§ WORK REQUEST: Every line below from the one containing "An international competition" through the one containing "En el apoyo" is to be printed exactly, with the pictures omitted.

§ ENTRIES SHOWN:
◇ ◇ ◇ ◇

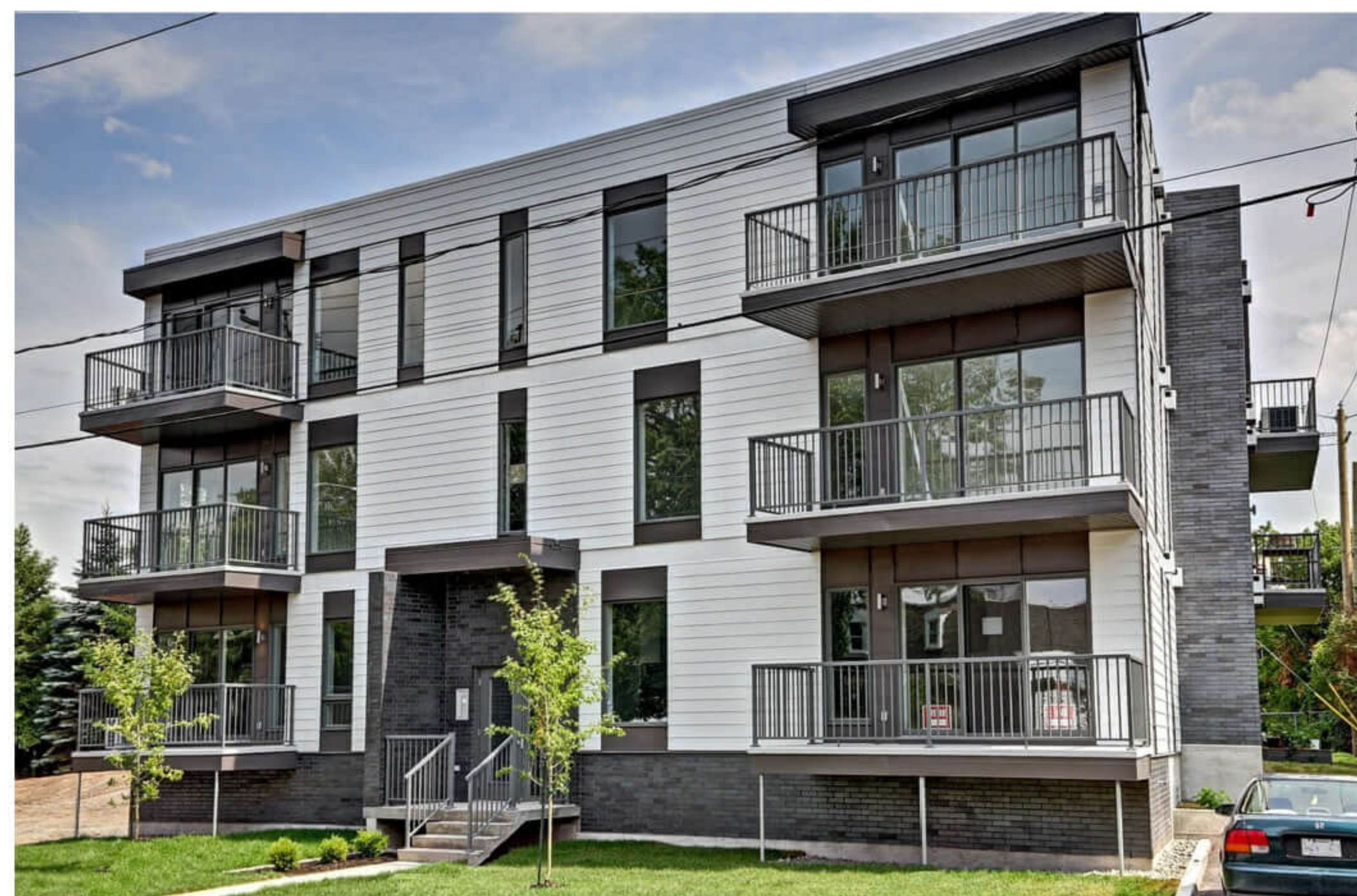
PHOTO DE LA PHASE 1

◇ ◇ ◇ ◇

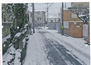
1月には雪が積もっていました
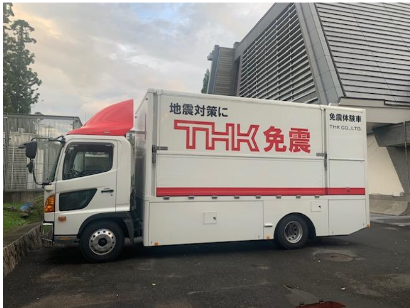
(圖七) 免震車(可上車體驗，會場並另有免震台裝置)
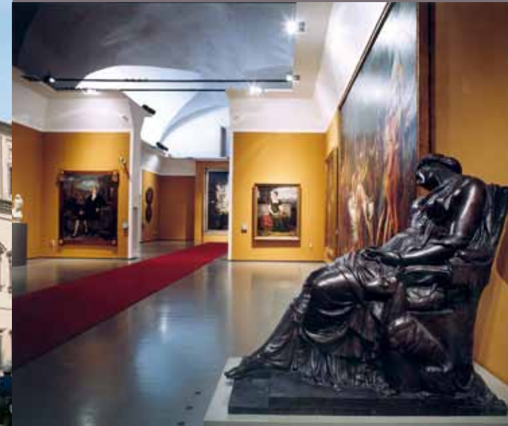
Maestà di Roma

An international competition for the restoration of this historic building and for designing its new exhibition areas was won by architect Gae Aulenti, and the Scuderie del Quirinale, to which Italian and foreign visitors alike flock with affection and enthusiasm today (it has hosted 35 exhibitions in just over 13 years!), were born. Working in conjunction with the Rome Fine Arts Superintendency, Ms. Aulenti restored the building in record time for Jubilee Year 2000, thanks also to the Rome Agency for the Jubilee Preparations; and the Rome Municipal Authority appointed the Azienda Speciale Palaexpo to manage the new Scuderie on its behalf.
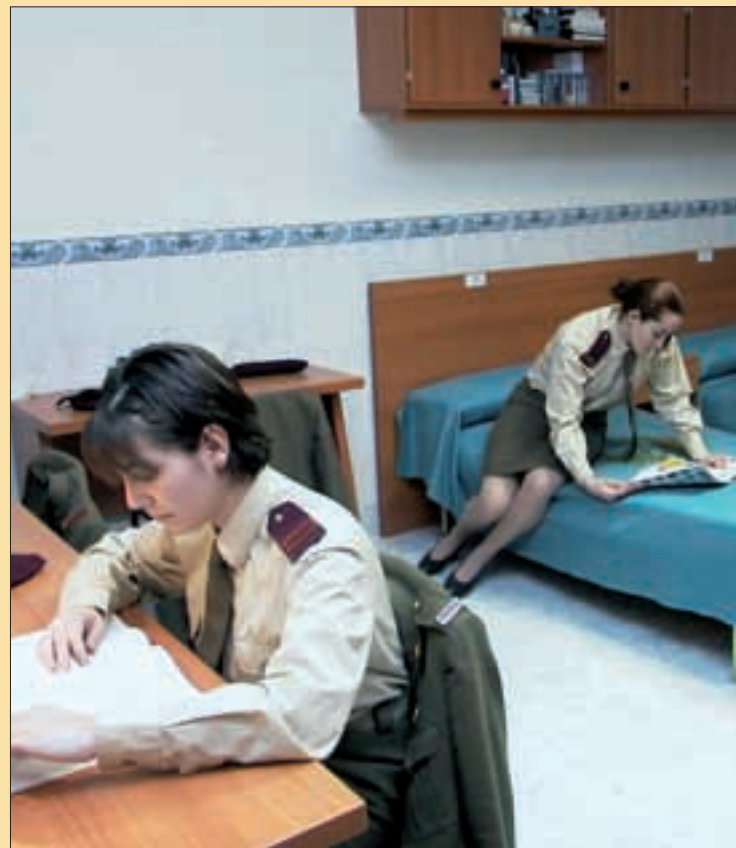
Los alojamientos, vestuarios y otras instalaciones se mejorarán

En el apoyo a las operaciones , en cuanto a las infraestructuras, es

◇ ◇ ◇ ◇

§ SOLUTION:
An international competition for the restoration of this historic building and for designing its new exhibition areas was won by architect Gae Aulenti, and the Scuderie del Quirinale, to which Italian and foreign visitors alike flock with affection and enthusiasm today (it has hosted 35 exhibitions in just over 13 years!), were born. Working in conjunction with the Rome Fine Arts Superintendency, Ms. Aulenti restored the building in record time for Jubilee Year 2000, thanks also to the Rome Agency for the Jubilee Preparations; and the Rome Municipal Authority appointed the Azienda Speciale Palaexpo to manage the new Scuderie on its behalf.
Los alojamientos, vestuarios y otras instalaciones se mejorarán

En el apoyo a las operaciones , en cuanto a las infraestructuras, es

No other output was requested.